(DATA FOR THIS TASK)

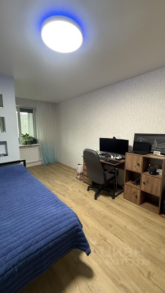 И вишенка на торте: большая комната, в которой сделано зонирование и установлен шкаф купе на всю стену. Кондиционер LG (обслужен и заправлен в этом году). Умный свет. Работает с Алисой, может менять яркость, температуру и цвет подсветки.
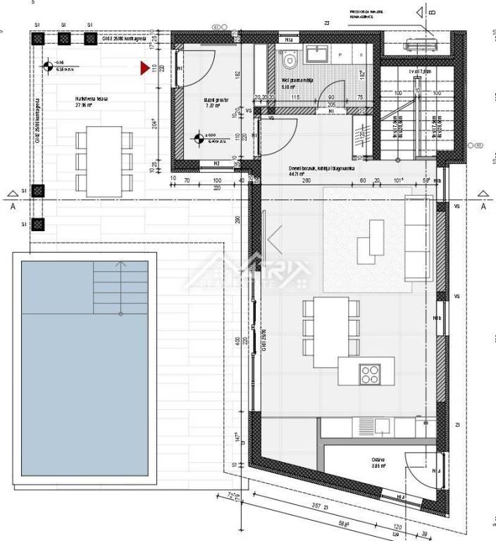 The central part of the fenced yard is a large swimming pool with a sun deck, next to which an outdoor covered dining room is planned, and within the yard a paved area is also planned, which is intended as a covered parking lot for at least two vehicles.
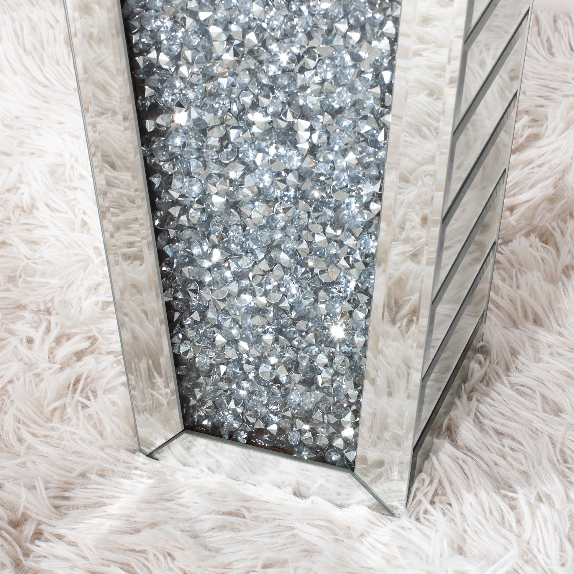 - Design glamour : un côté du vase miroir est incrusté de strass brillants. Il contribue à donner une impression d’espace et de luminosité à votre intérieur.
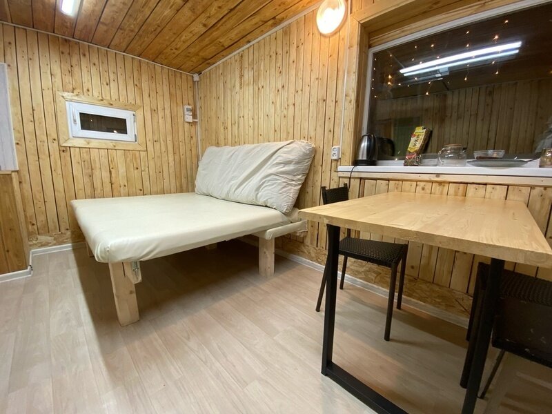 Имеется всё для комфортного проживания: двухъярусная кровать, диван, кондиционер, телевизор.
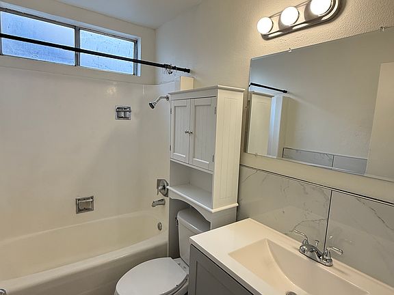Recently updated 2-bedroom, 1-bath apartment featuring a bright, modern kitchen with white shaker cabinets, stainless steel appliances, marble-style countertops, and wood-style flooring throughout. The bathroom offers a clean, fresh look with a new vanity, updated lighting, and a spacious shower/tub combo. This unit has great natural light and a functional layout perfect for everyday living. Conveniently located close to shops, restaurants, and major freeways.
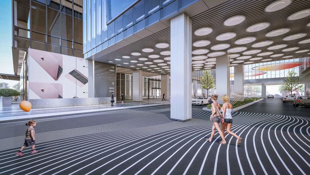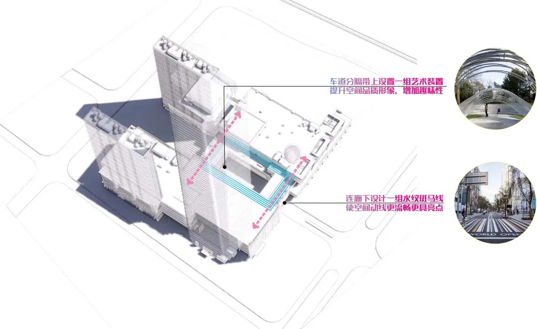 对建筑连廊底部空间进行优化改造,通过拆除花池坐凳、高层灌木等不利因素,增加水纹斑马线、光环互动装置及“钱塘观潮”艺术装置等景观亮点,构建一个南北地块连续流动的步行体验空间。

(End DATA FOR THIS TASK)

Transcribe each entry above without alteration, but keep the pictures out.

WORKED SOLUTION:
 И вишенка на торте: большая комната, в которой сделано зонирование и установлен шкаф купе на всю стену. Кондиционер LG (обслужен и заправлен в этом году). Умный свет. Работает с Алисой, может менять яркость, температуру и цвет подсветки.
 The central part of the fenced yard is a large swimming pool with a sun deck, next to which an outdoor covered dining room is planned, and within the yard a paved area is also planned, which is intended as a covered parking lot for at least two vehicles.
 - Design glamour : un côté du vase miroir est incrusté de strass brillants. Il contribue à donner une impression d’espace et de luminosité à votre intérieur.
 Имеется всё для комфортного проживания: двухъярусная кровать, диван, кондиционер, телевизор.
Recently updated 2-bedroom, 1-bath apartment featuring a bright, modern kitchen with white shaker cabinets, stainless steel appliances, marble-style countertops, and wood-style flooring throughout. The bathroom offers a clean, fresh look with a new vanity, updated lighting, and a spacious shower/tub combo. This unit has great natural light and a functional layout perfect for everyday living. Conveniently located close to shops, restaurants, and major freeways.
 对建筑连廊底部空间进行优化改造,通过拆除花池坐凳、高层灌木等不利因素,增加水纹斑马线、光环互动装置及“钱塘观潮”艺术装置等景观亮点,构建一个南北地块连续流动的步行体验空间。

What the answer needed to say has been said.